Its wonderful, just what's going on!

“...to hew through, durchhauen, even at the risk or the cost of much damage to the outward life and the body? To the growing soul, to the spirit within us, may not difficulties, obstacles, attacks be a means of growth, added strength, enlarged experience, training for spiritual victory? The arrangement of things may be that and not a mere question of the pounds, shillings and pence of a distribution of rewards and retributory misfortunes!”

29.06.1932
Letters on Yoga
, 22.449-450
(full text see here)

The previous one and this one (I don't know if there are any others), we could entitle them “Sri Aurobindo's prophecies,” or “Sri Aurobindo said prophetically.”

It's extraordinary, extraordinary!

It's admirable, exactly as if he were speaking now (Mother takes on Sri Aurobindo's tone): “All these good people...(Mother laughs).

(another text)

“The ways of the Divine are not like those of the human mind or according to our patterns and it is impossible to judge them or to lay down for Him what He shall or shall not do, for the Divine knows better than we can know. If we admit the Divine at all, both true reason and Bhakti seem to me to be at one in demanding implicit faith and surrender.”

Letters on Yoga, 23.596

Oh, but this is admirable.... It's wonderful! (Mother repeats, in a very humorous tone) “The ways of the Divine are not like those of the human mind or according to our patterns....”

(another text)

“To be free from all preference and receive joyfully whatever comes from the Divine Will is not possible at first for any human being. What one should have at first is the constant idea that what the Divine wills is always for the best even when the mind does not see how it is so,...

It's exactly as if he were answering all that people are now saying!

“...to accept with resignation what one cannot yet accept with gladness and so to arrive at a calm equality which is not shaken even when on the surface there may be passing movements of a momentary reaction to outward happenings. If that is once firmly founded, the rest can come.”

Letters on Yoga, 23.597

Really interesting, just, just what's needed.

(silence)

You haven't said anything for a long time....

(silence)

I live in a constant sense of wonder! Every minute, what comes is what's necessary: circumstances, reactions... everything, everything, there's a constant vision of the wonderful way in which things are organized, the world is organized.
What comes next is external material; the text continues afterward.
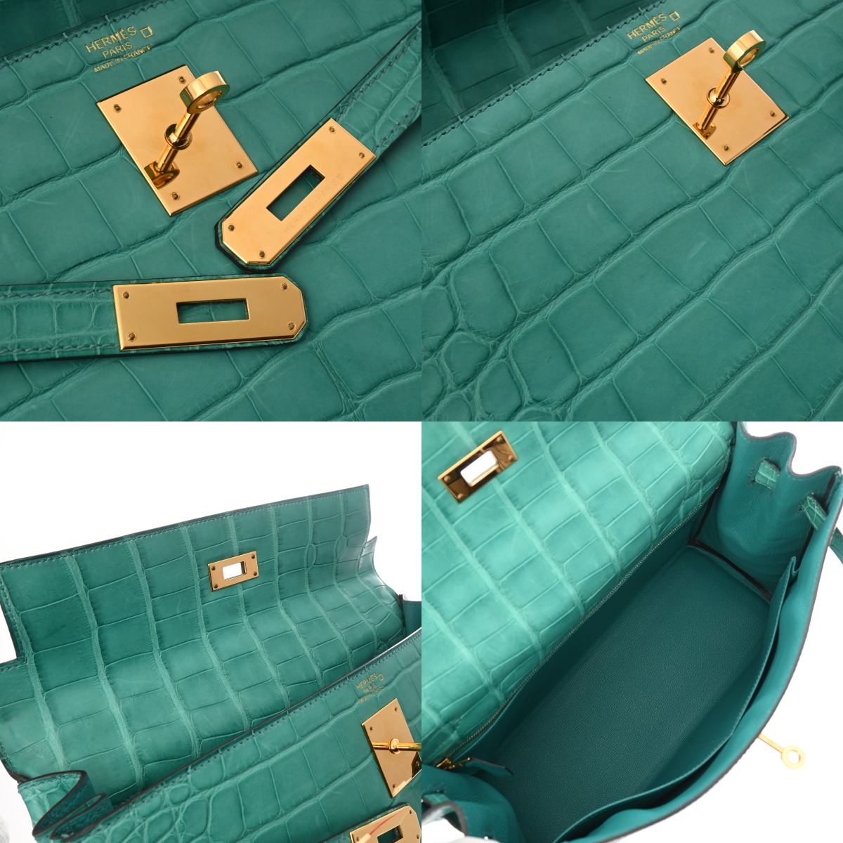 エルメス ケリー 32 内縫い ブルーパオン アリゲーターマット レディース バッグ 【中古】【bag】

And what he says here, the way things are organized to make you advance fast and give you the maximum, the optimum condition of progress – that's marvelous. And always it comes and presses on the very spot (Mother presses her thumb) where there was a weakness, an incomprehension... always.

It is absolutely marvelous.

(Mother goes into a contemplation)

It has been a long period during which the physical has replaced the absent mind and vital, and they have been replaced by something unlike what was there before. It's very interesting, but it has to go to the end [before I can talk about it]. The work has to go to the end. And it's a long-drawn-out work.